Green Returns

In the NBER working paper “Dissecting Green Returns,” Lubos Pastor, Robert Stambaugh, and Lucian Taylor argue that excess returns on green assets during recent years are unlikely to predict expected excess returns. At least that’s what theory suggests:

… green assets have lower expected returns than brown, due to investors’ tastes for green assets, yet green assets can have higher realized returns while agents’ tastes shift unexpectedly in the green direction. … green tastes can shift in two ways. First, investors’ preference for green assets can increase, directly driving up green asset prices. Second, consumers’ demands for green products can strengthen—for example, due to environmental regulations—driving up green firms’ profits and thus their stock prices.

In the data

… green stocks significantly outperformed brown stocks in recent years. … green stocks would not have outperformed brown without strengthened climate concerns. …

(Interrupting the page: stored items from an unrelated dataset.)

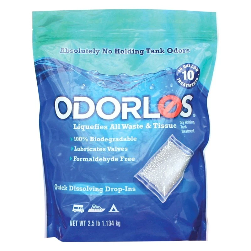 Odorlos™ 10 gal. Holding Tank Treatment (10 Pieces) (V77020) by Valterra®. When added to holding tanks, Odorlos provides the naturally occurring bacteria with a continuous supply of the best alternative energy source to pure oxygen – nitrates. This eliminates the need for bacteria to target sulfate for energy, and the result is no holding tank odors.
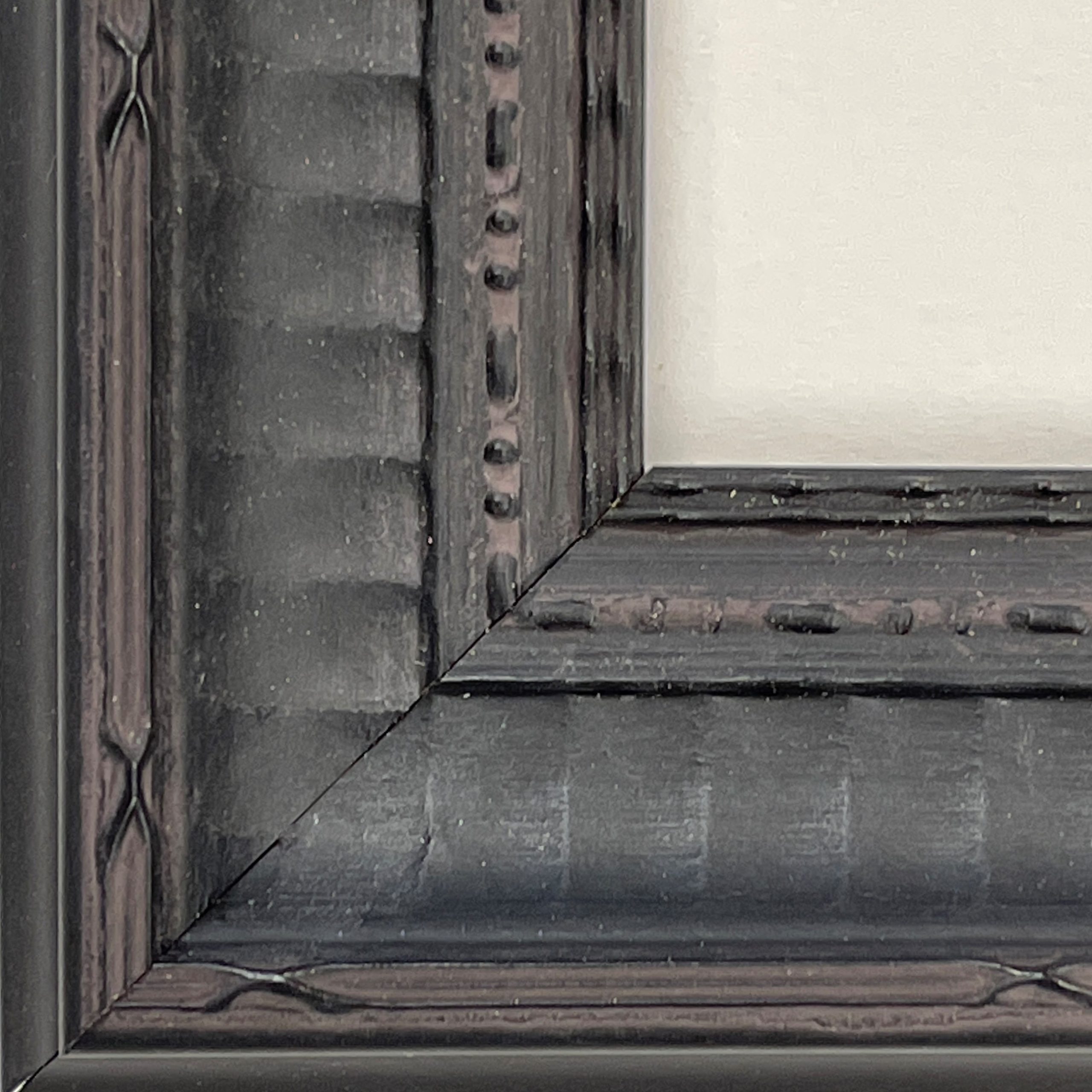 Custom matted with an 8-ply mat and framed in a decorative black-painted wood frame behind 99% UV-blocking art glass using strictly conservation-grade materials.
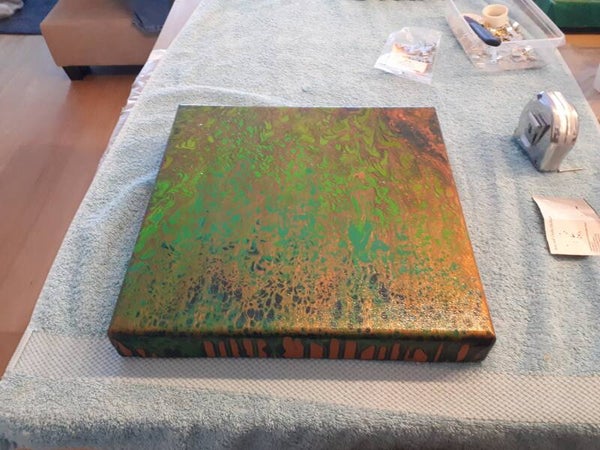 As this beautiful swipe piece was drying, it was almost the exact opposite of the chemical process known as oxidation. When the paint was still wet the canvas was predominantly green, but over the course of a few days the copper and bronze colors began to take over until they finally settled into this shiny and organic statement piece.
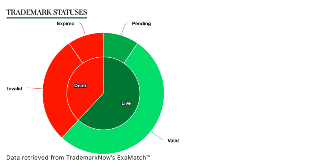 At the time of writing, our business intelligence tool ExaMatch™ reveals 16 trademark applications filed in Class 25 (Clothing) — just one of which is valid. 43.8% of these applications include the product description “Masquerade costumes”.
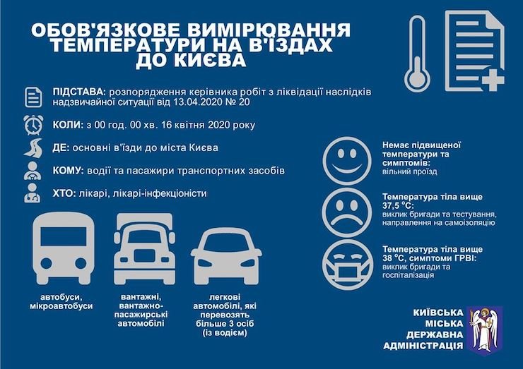 З 13:00 16 квітня на в’їздах до Києва водії та пасажири проходитимуть обов’язкову термометрію. Перевірятимуть автобуси, мікроавтобуси, вантажівки та легкові автомобілі, які перевозять більше двох пасажирів.

The bulk of the positive relation between green stock returns and climate-concern shocks evidently occurs with multi-week lags.

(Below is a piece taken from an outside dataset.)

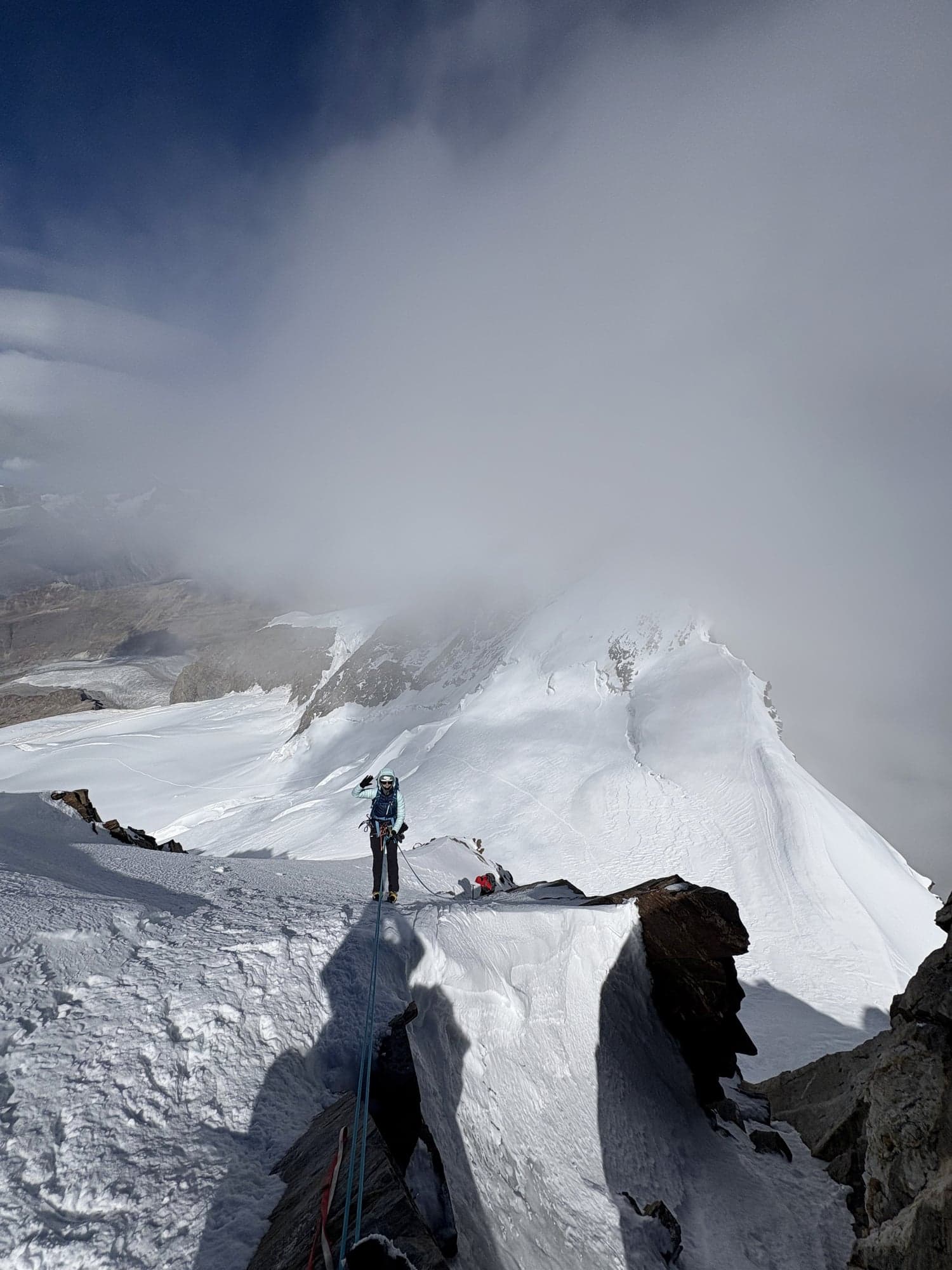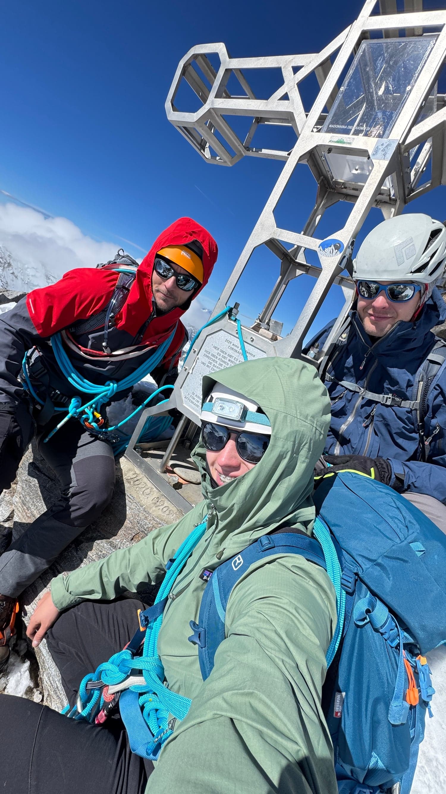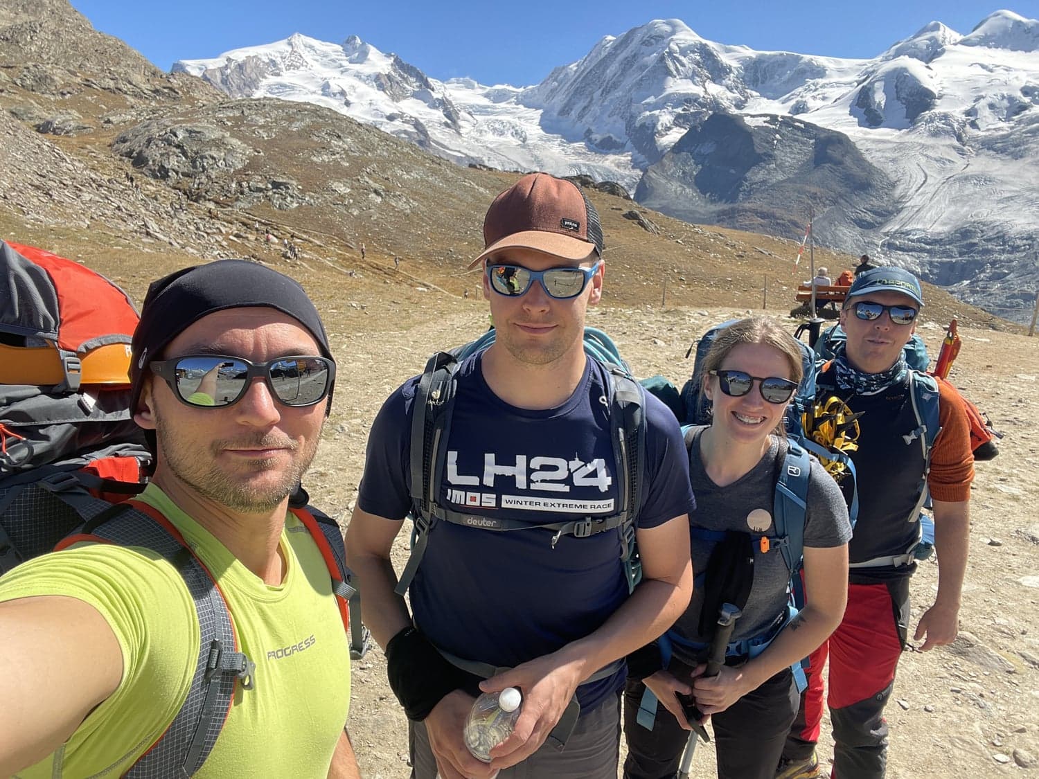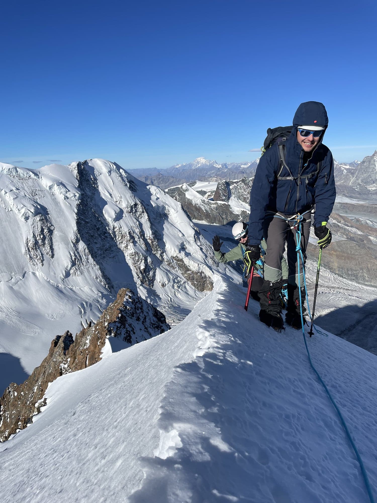 Radek: „Jeden z TOP výstupů. Sice druhá nejvyšší hora Alp, ale Blanc je proti ní sranda. Z vrcholu krásné alpské scenérie. Byly vidět obrovské zaledněné plochy Walliských alp. Nádherné exponované lezení v mixovém terénu. Tím že jsme šli ke konci sezóny, tak hřebínky víc v ledu, než bylo potřeba. Good team vibe a tříchodové menu na večeři!“

Expected returns on stocks are hard to identify, in contrast with expected bond returns. That’s why the authors analyze bond prices and yields:

The inverse relation between a bond’s realized return and the change in its yield to maturity is well understood, and the yield provides direct information about expected return, especially for buy-and-hold investors.

The case of German “twin” bonds illustrates this inverse relation in the context of climate concerns. Since 2020, the German government has issued green bonds, along with virtually identical non-green twins. The green bonds trade at lower yields, indicating lower expected returns compared to non-green bonds. The yield spread between the green and non-green twins, known as the “greenium,” reflects investors’ willingness to accept a lower return in exchange for holding assets more aligned with their environmental values. Since issuance, the 10-year greenium experienced roughly a three-fold widening, presumably due to growing climate concerns. As a result, the green bond outperformed its non-green twin by a significant margin over the same period. However, this outperformance does not imply green outperformance going forward. Rather the opposite is clearly true, given the now wider greenium.